§ **WORK ITEM**: Pictures excluded, reproduce exactly the lines below from the one with "干支二十四節気単位国名都市名数え方現代年表人名漢字変体仮名など" through the one with "نظمت حركة أحرار", both included.

Start of DATA FOR PROCESSING

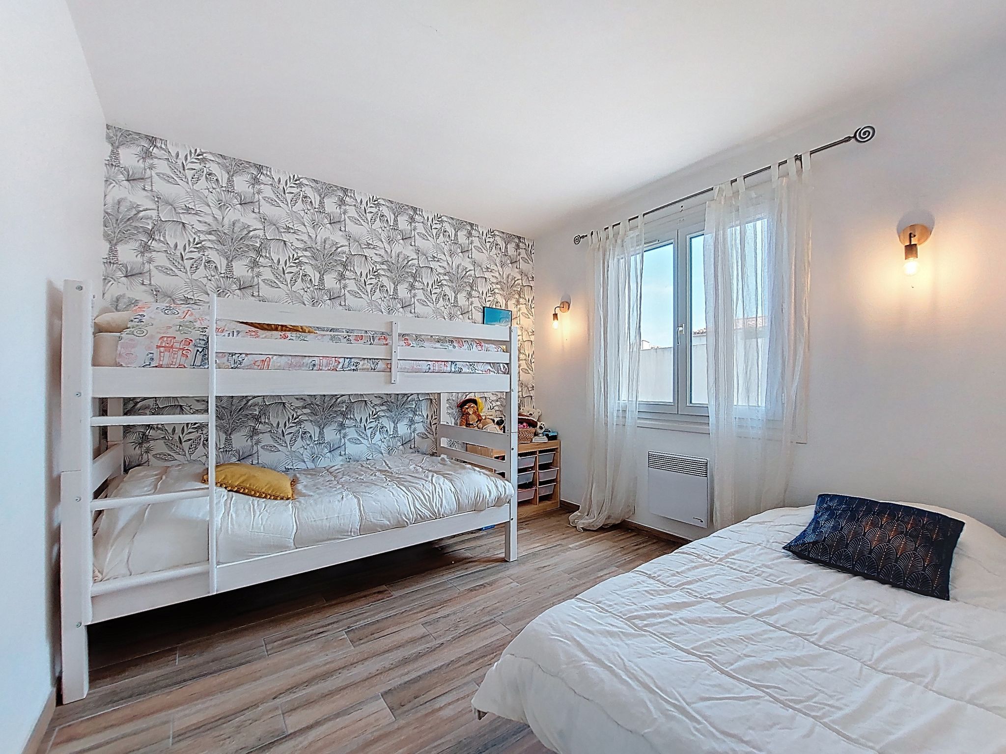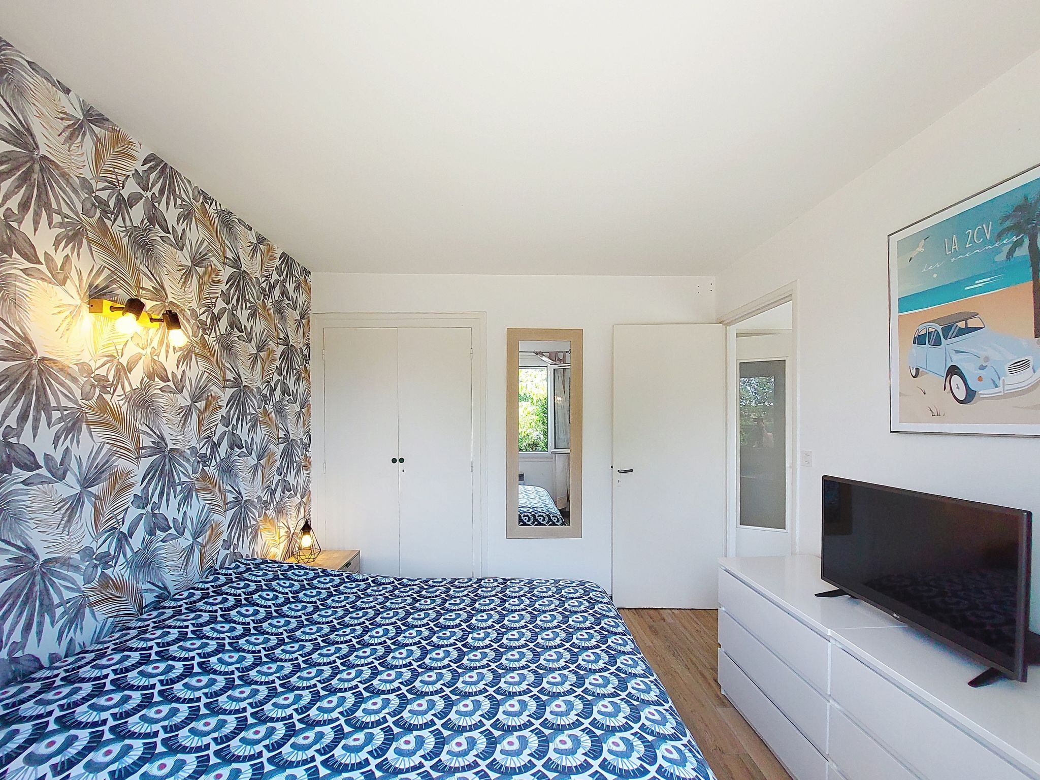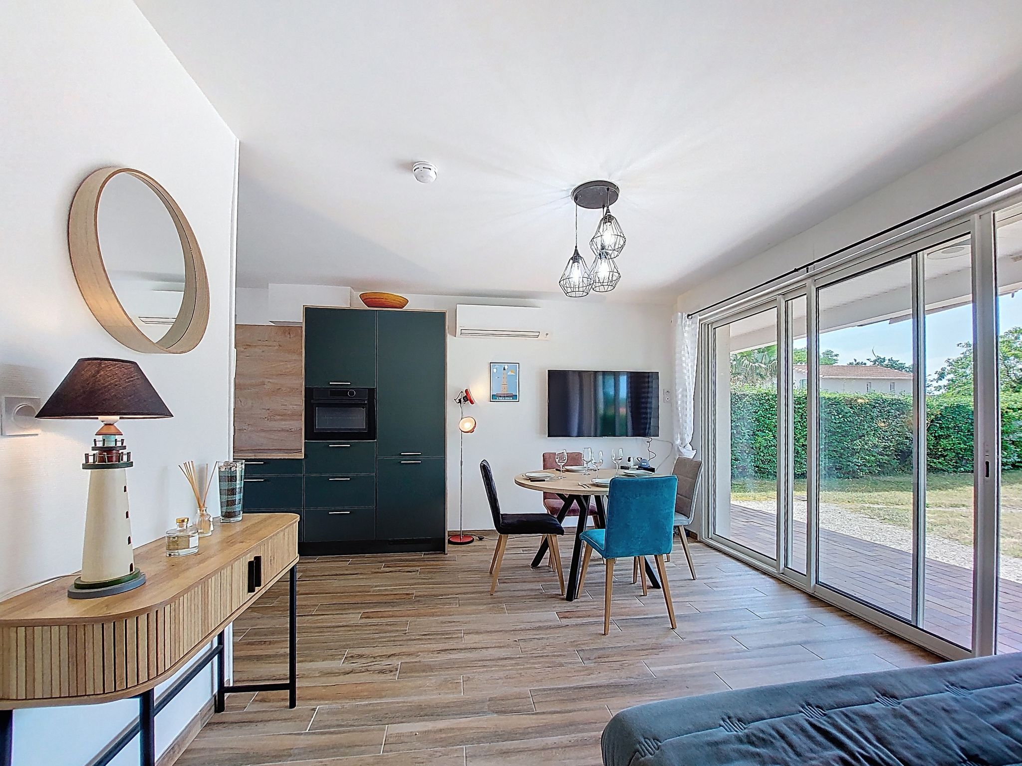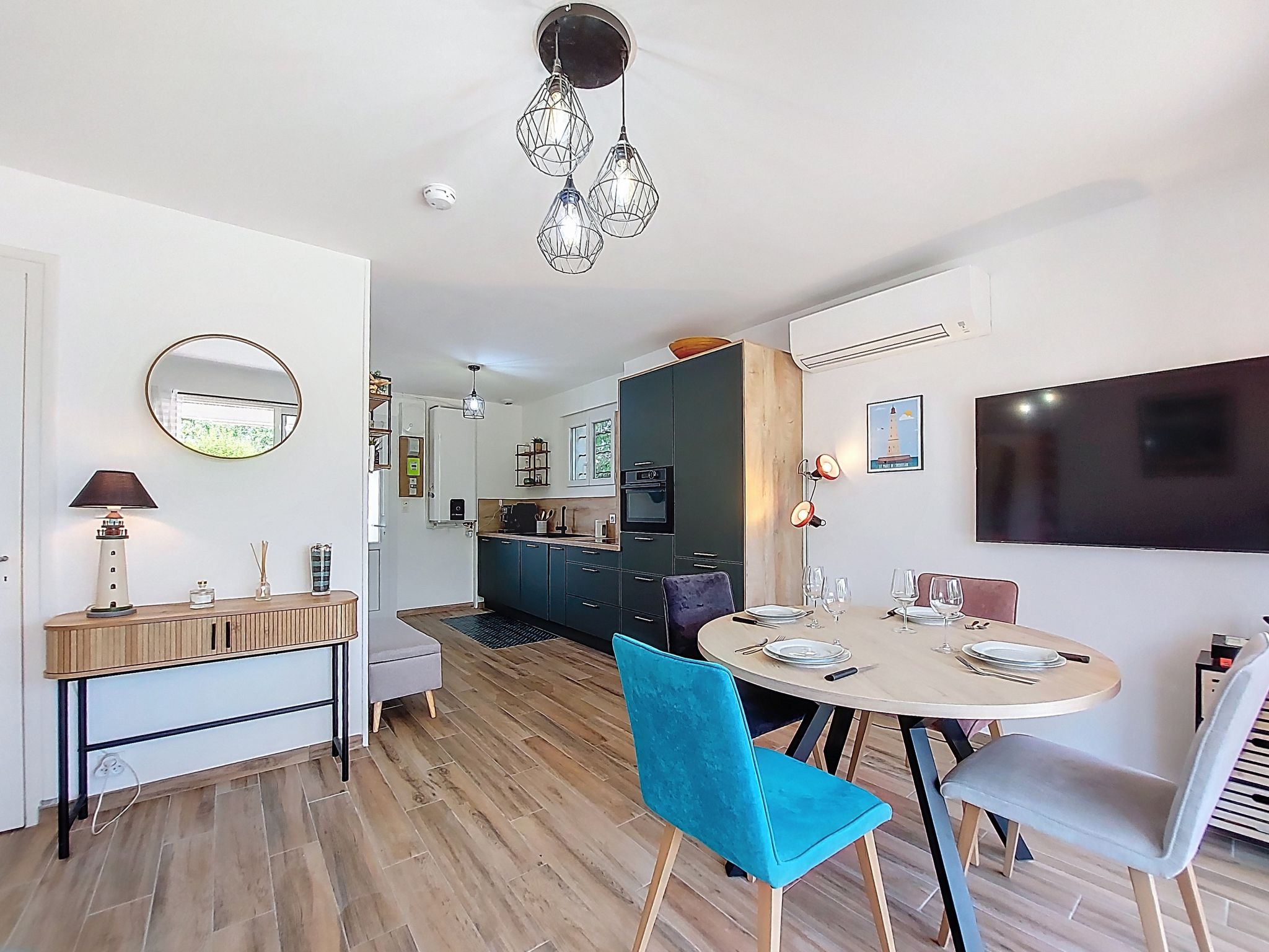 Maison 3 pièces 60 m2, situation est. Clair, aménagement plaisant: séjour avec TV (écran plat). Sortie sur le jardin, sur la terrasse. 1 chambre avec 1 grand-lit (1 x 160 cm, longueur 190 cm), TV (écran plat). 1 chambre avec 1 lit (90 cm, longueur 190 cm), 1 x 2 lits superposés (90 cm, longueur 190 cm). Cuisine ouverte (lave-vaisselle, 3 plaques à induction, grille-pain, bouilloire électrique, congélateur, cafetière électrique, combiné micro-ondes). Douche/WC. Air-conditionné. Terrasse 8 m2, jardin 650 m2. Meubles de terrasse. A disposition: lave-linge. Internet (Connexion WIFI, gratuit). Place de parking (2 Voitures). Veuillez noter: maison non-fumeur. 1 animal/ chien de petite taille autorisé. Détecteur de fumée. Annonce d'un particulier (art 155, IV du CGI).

End of DATA FOR PROCESSING
Start of DATA FOR PROCESSING

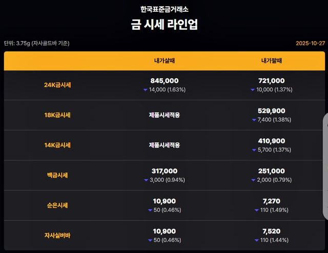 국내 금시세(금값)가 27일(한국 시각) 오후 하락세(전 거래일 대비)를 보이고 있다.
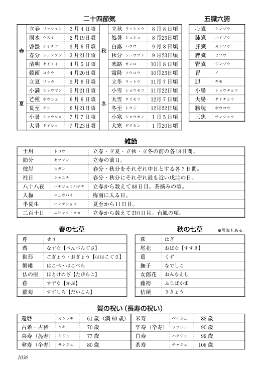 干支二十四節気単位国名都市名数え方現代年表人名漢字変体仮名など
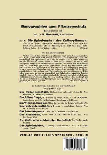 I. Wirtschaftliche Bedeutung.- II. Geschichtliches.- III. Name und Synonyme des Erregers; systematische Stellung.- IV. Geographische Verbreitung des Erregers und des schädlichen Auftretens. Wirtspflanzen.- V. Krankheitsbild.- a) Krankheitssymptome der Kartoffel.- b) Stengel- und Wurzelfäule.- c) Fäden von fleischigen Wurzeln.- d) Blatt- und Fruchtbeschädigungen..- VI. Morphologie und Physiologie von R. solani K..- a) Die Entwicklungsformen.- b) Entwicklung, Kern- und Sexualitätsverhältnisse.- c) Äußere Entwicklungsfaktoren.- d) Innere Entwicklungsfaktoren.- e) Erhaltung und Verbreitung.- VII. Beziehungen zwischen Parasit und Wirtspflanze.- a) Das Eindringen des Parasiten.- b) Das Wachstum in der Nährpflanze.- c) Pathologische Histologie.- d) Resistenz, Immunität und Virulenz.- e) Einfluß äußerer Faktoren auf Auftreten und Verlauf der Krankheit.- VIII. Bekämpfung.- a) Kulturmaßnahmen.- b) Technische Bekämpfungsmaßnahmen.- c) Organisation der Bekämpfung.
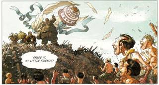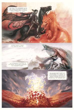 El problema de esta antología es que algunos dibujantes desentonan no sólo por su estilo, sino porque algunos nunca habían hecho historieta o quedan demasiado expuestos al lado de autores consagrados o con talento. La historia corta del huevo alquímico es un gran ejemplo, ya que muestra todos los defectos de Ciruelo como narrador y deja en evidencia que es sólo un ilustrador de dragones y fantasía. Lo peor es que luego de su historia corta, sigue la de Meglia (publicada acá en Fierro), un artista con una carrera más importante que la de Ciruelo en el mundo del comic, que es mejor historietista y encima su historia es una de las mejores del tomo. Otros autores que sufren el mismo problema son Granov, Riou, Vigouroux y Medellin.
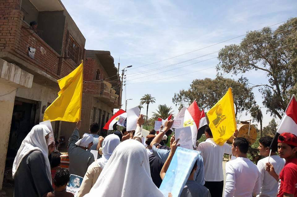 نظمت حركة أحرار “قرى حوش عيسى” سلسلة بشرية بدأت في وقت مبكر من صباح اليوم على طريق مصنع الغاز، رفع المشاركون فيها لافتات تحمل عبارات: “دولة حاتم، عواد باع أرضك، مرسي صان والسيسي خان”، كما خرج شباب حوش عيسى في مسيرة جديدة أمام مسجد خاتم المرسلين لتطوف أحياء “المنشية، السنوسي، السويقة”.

End of DATA FOR PROCESSING

§ **REPLY TO THE TASK**:
 干支二十四節気単位国名都市名数え方現代年表人名漢字変体仮名など
 I. Wirtschaftliche Bedeutung.- II. Geschichtliches.- III. Name und Synonyme des Erregers; systematische Stellung.- IV. Geographische Verbreitung des Erregers und des schädlichen Auftretens. Wirtspflanzen.- V. Krankheitsbild.- a) Krankheitssymptome der Kartoffel.- b) Stengel- und Wurzelfäule.- c) Fäden von fleischigen Wurzeln.- d) Blatt- und Fruchtbeschädigungen..- VI. Morphologie und Physiologie von R. solani K..- a) Die Entwicklungsformen.- b) Entwicklung, Kern- und Sexualitätsverhältnisse.- c) Äußere Entwicklungsfaktoren.- d) Innere Entwicklungsfaktoren.- e) Erhaltung und Verbreitung.- VII. Beziehungen zwischen Parasit und Wirtspflanze.- a) Das Eindringen des Parasiten.- b) Das Wachstum in der Nährpflanze.- c) Pathologische Histologie.- d) Resistenz, Immunität und Virulenz.- e) Einfluß äußerer Faktoren auf Auftreten und Verlauf der Krankheit.- VIII. Bekämpfung.- a) Kulturmaßnahmen.- b) Technische Bekämpfungsmaßnahmen.- c) Organisation der Bekämpfung.
 El problema de esta antología es que algunos dibujantes desentonan no sólo por su estilo, sino porque algunos nunca habían hecho historieta o quedan demasiado expuestos al lado de autores consagrados o con talento. La historia corta del huevo alquímico es un gran ejemplo, ya que muestra todos los defectos de Ciruelo como narrador y deja en evidencia que es sólo un ilustrador de dragones y fantasía. Lo peor es que luego de su historia corta, sigue la de Meglia (publicada acá en Fierro), un artista con una carrera más importante que la de Ciruelo en el mundo del comic, que es mejor historietista y encima su historia es una de las mejores del tomo. Otros autores que sufren el mismo problema son Granov, Riou, Vigouroux y Medellin.
 نظمت حركة أحرار “قرى حوش عيسى” سلسلة بشرية بدأت في وقت مبكر من صباح اليوم على طريق مصنع الغاز، رفع المشاركون فيها لافتات تحمل عبارات: “دولة حاتم، عواد باع أرضك، مرسي صان والسيسي خان”، كما خرج شباب حوش عيسى في مسيرة جديدة أمام مسجد خاتم المرسلين لتطوف أحياء “المنشية، السنوسي، السويقة”.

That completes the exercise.